= Vilna Group =

The Vilna Group was a circle of Jewish Social-Democrats which met secretly in the city of Vilna, then part of the Russian empire (now Vilnius in Lithuania).

== Activities ==
The group was founded in the mid-1890s. Its members devoted themselves to disseminating Marxist and socialist literature to Jewish textile workers and to some extent to Jewish and non-Jewish workers generally, providing literacy and education classes for workers and supporting the formation of trade unions. They were among the first to produce socialist literature in Yiddish. All this was illegal and had to be done clandestinely, and all members of the Vilna Group were arrested at various points.

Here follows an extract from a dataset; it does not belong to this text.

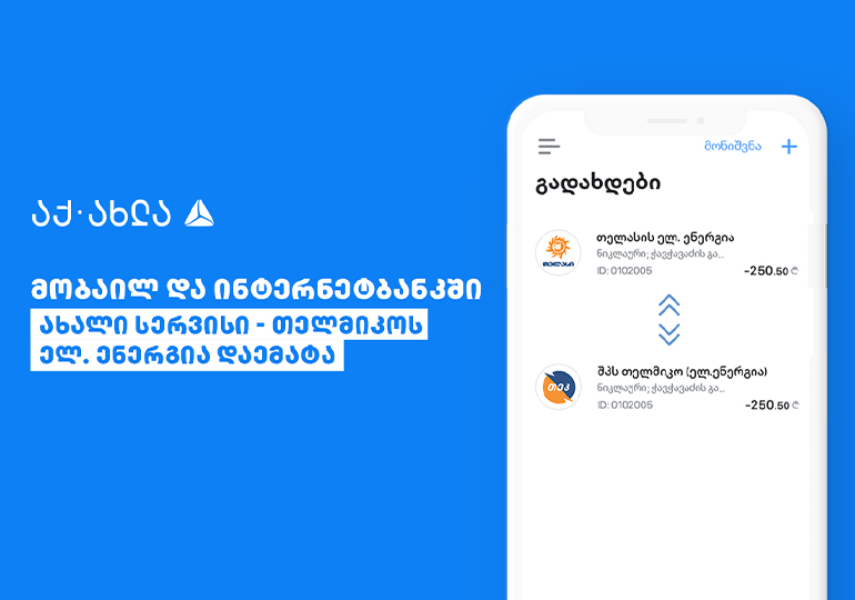 იმისათვის რომ გავუმარტივოთ მომხმარებლებს ეს ცვლილება, თიბისის ინტერნეტ და მობაილბანკის სისტემაში ახალი სერვისი დაემატა – თელმიკოს ელ. ენერგია. მათ ამ ახალ სერვისზე ელექტროენერგიის გადახდის შაბლონები, იგივე აბონენტის ნომრით ავტომატურად გამოუჩნდებათ მობაილ და ინტერნეტბანკის კომუნალური გადახდებში.

This group was one of the forerunners of the General Union of Jewish Workers of Lithuania, Poland and Russia (known as the "Bund"), founded on October 7, 1897.

== Members ==
The Vilna group included, among others:
- Arkadi Kremer
- Tsemakh Kopelzon
- Pati Kremer (a.k.a. Matla Srednicki or Srednitskaya)
- John Mill
- Mikhail Liber
- Leo Jogiches

== Legacy ==
It was one of the precursors of the General Jewish Workers' Association in Lithuania, Poland, and Russia (known as the 'Bund'), founded in 1897. The Vilna Group also played a role in founding the Russian Social-Democratic Workers' Party (RSDRP) in 1898. Most veterans of the Vilna Group later supported the Mensheviks.